• What to do: Once the line with "4 sous-verre et" is found, write it out along with each later line exactly, through the end of the entries, skipping every picture.

(Data entries)
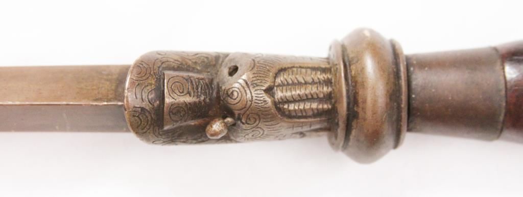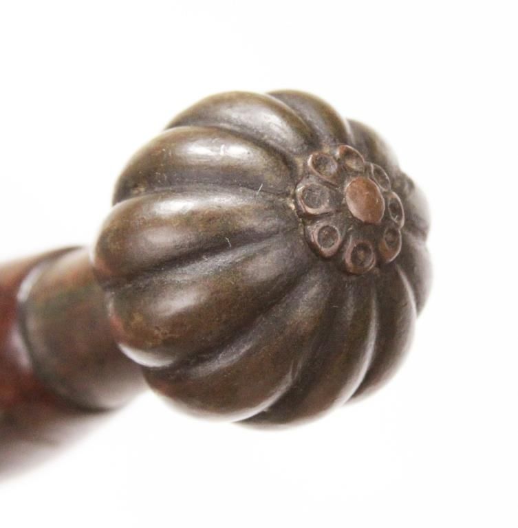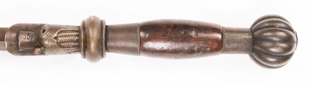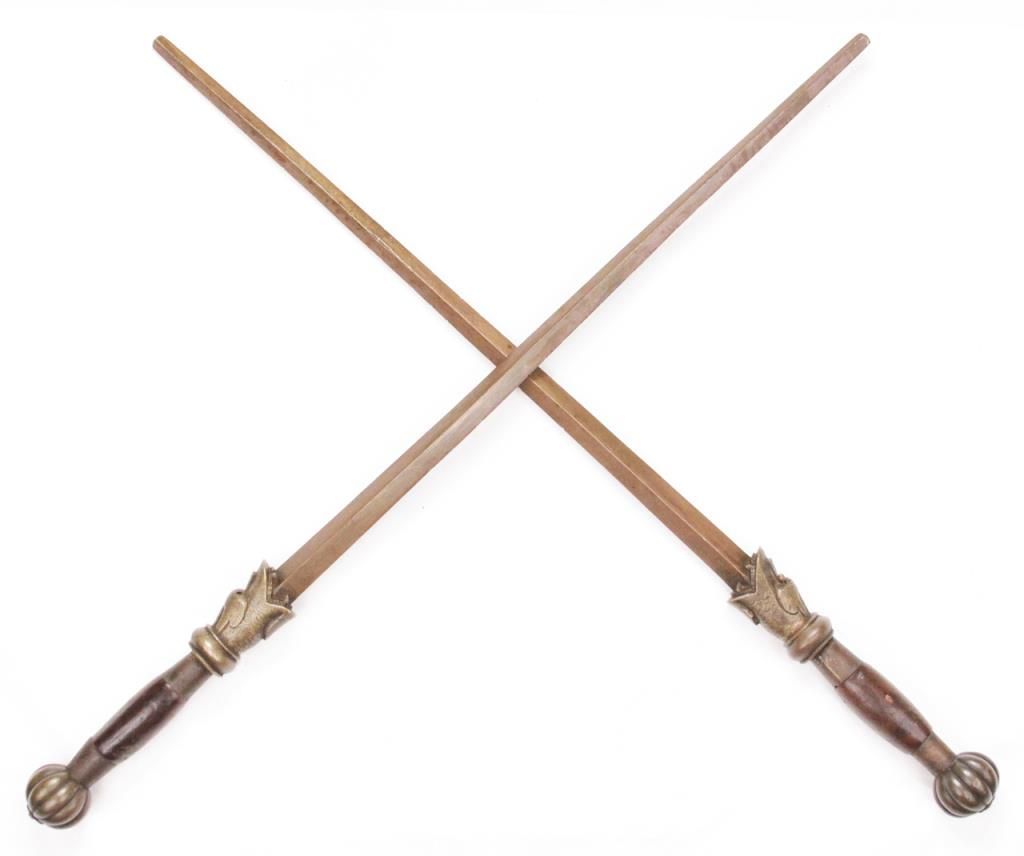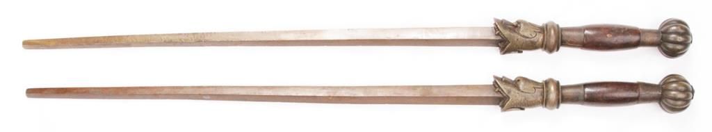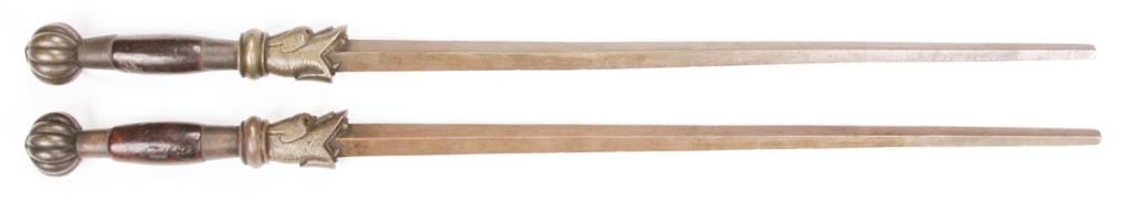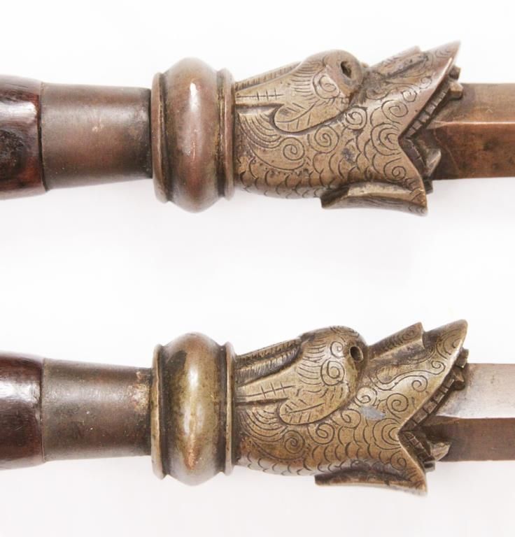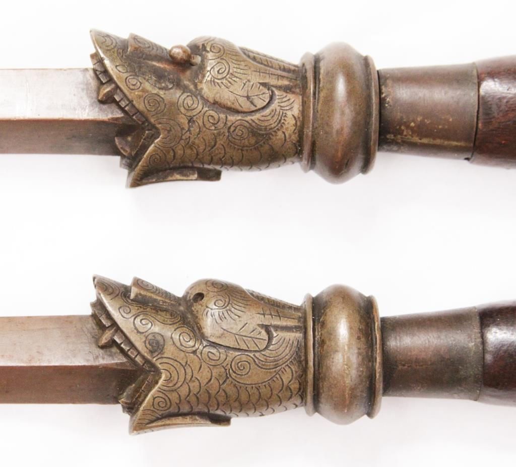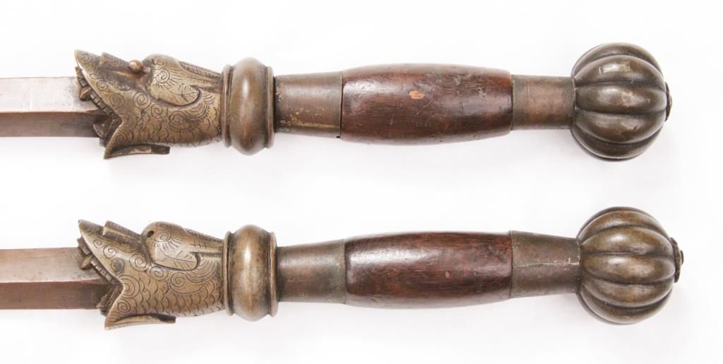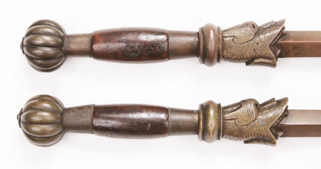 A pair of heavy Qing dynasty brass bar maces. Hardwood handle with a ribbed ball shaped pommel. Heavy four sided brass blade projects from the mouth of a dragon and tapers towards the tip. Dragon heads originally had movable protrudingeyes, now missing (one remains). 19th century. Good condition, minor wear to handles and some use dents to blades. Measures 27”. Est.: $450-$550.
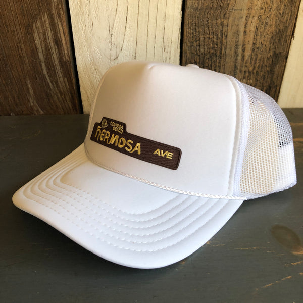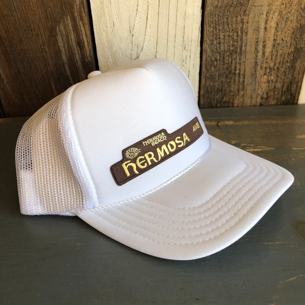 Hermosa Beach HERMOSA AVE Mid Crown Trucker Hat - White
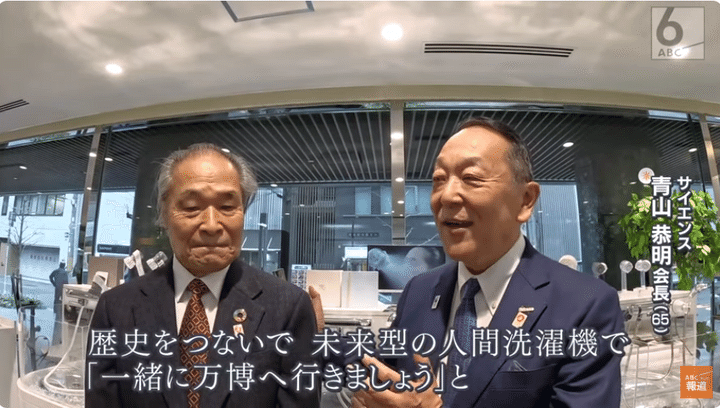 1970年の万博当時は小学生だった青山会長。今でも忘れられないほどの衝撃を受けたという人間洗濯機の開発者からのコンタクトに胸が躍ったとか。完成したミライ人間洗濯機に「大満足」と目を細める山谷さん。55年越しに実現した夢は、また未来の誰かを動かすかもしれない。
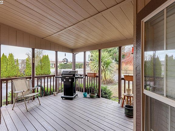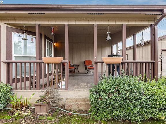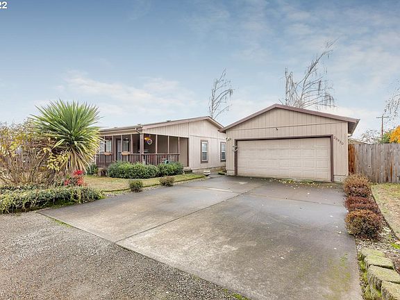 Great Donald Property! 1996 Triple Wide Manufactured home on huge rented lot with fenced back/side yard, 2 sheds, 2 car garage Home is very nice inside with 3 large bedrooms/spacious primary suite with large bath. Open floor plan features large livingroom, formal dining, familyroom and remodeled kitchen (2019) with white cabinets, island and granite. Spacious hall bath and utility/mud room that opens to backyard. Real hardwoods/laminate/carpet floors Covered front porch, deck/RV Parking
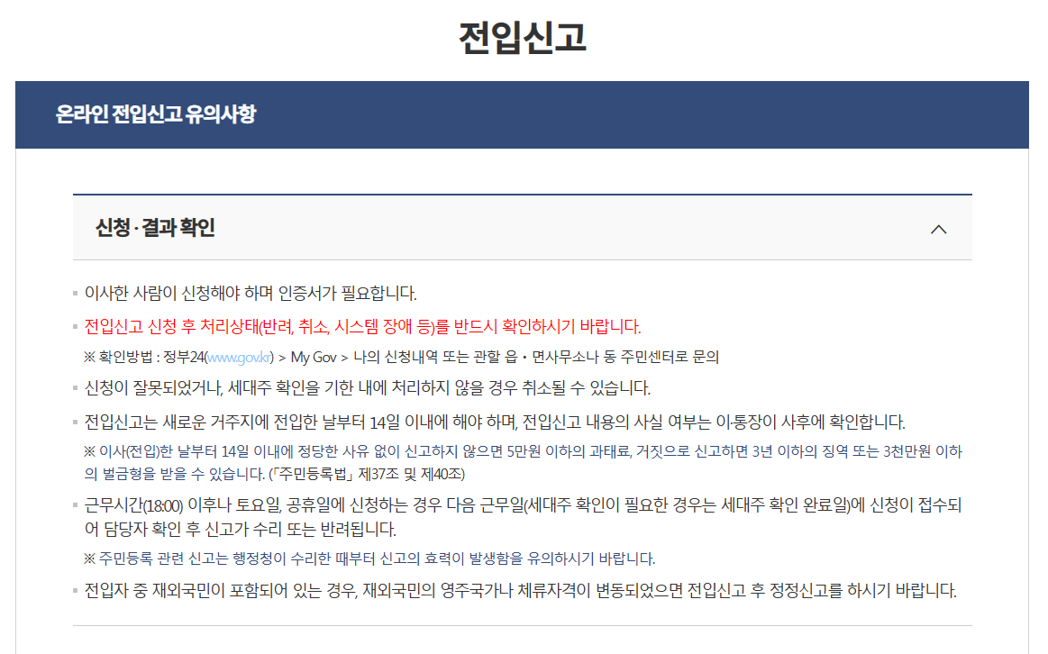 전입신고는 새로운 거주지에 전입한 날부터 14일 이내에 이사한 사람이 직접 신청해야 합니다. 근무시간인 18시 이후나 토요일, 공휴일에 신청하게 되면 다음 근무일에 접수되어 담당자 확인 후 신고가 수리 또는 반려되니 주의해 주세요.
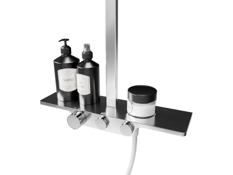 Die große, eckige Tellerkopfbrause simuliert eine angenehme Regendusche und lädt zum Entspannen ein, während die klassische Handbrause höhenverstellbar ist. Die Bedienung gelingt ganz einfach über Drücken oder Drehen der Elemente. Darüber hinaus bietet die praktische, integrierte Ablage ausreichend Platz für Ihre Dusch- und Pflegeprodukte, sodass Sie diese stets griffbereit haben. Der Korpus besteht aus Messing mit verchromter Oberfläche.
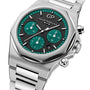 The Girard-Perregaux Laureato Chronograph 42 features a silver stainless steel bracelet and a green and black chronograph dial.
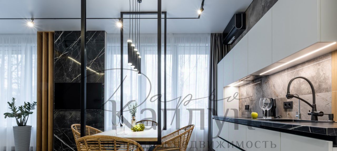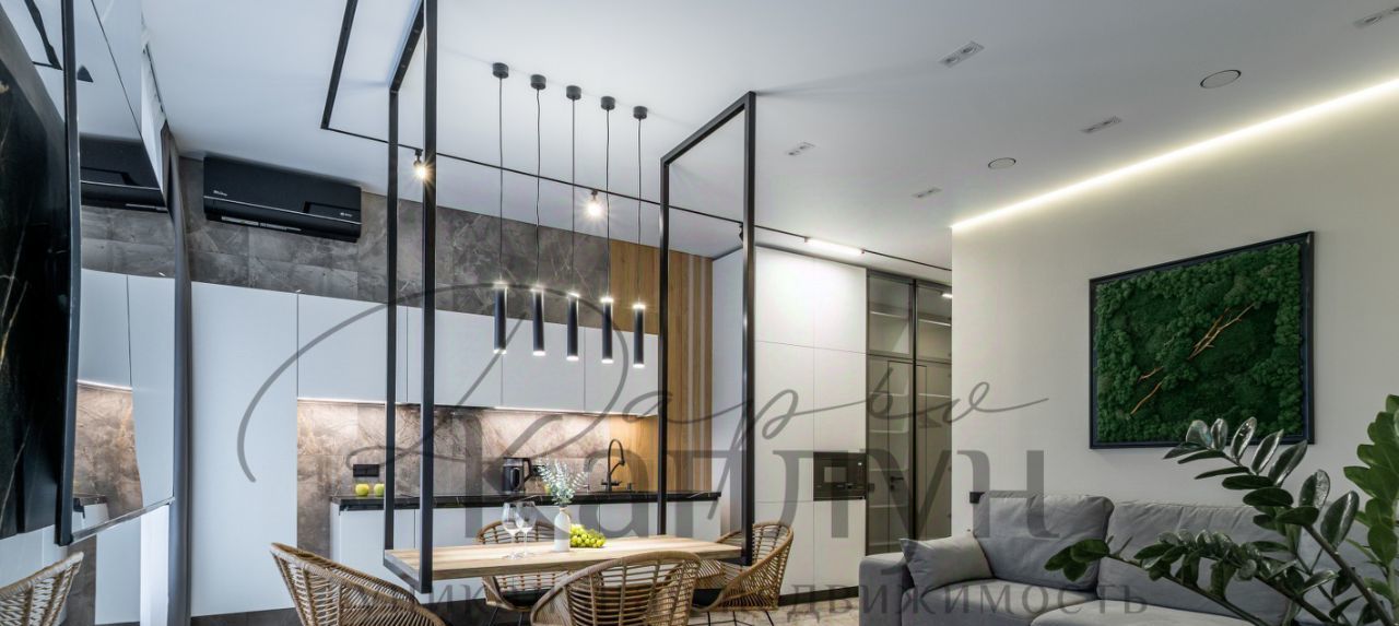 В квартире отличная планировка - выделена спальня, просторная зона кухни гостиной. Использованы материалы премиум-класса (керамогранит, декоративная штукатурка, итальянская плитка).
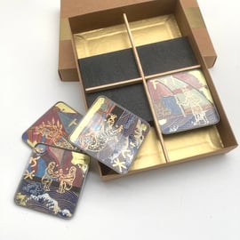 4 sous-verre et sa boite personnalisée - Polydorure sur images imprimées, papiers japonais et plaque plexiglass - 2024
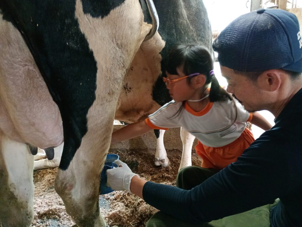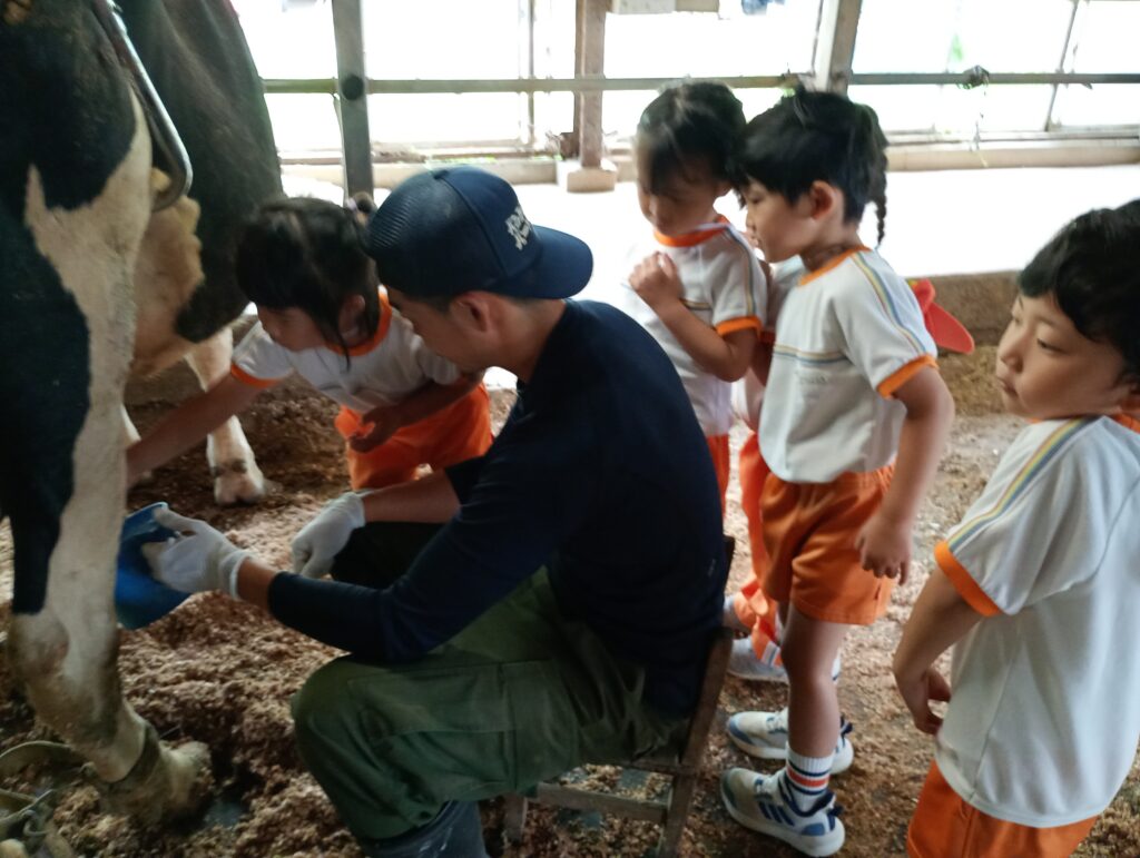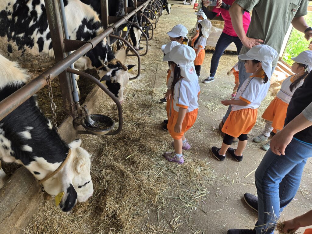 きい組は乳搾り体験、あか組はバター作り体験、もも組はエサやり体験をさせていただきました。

• Exercise answer:
 4 sous-verre et sa boite personnalisée - Polydorure sur images imprimées, papiers japonais et plaque plexiglass - 2024
 きい組は乳搾り体験、あか組はバター作り体験、もも組はエサやり体験をさせていただきました。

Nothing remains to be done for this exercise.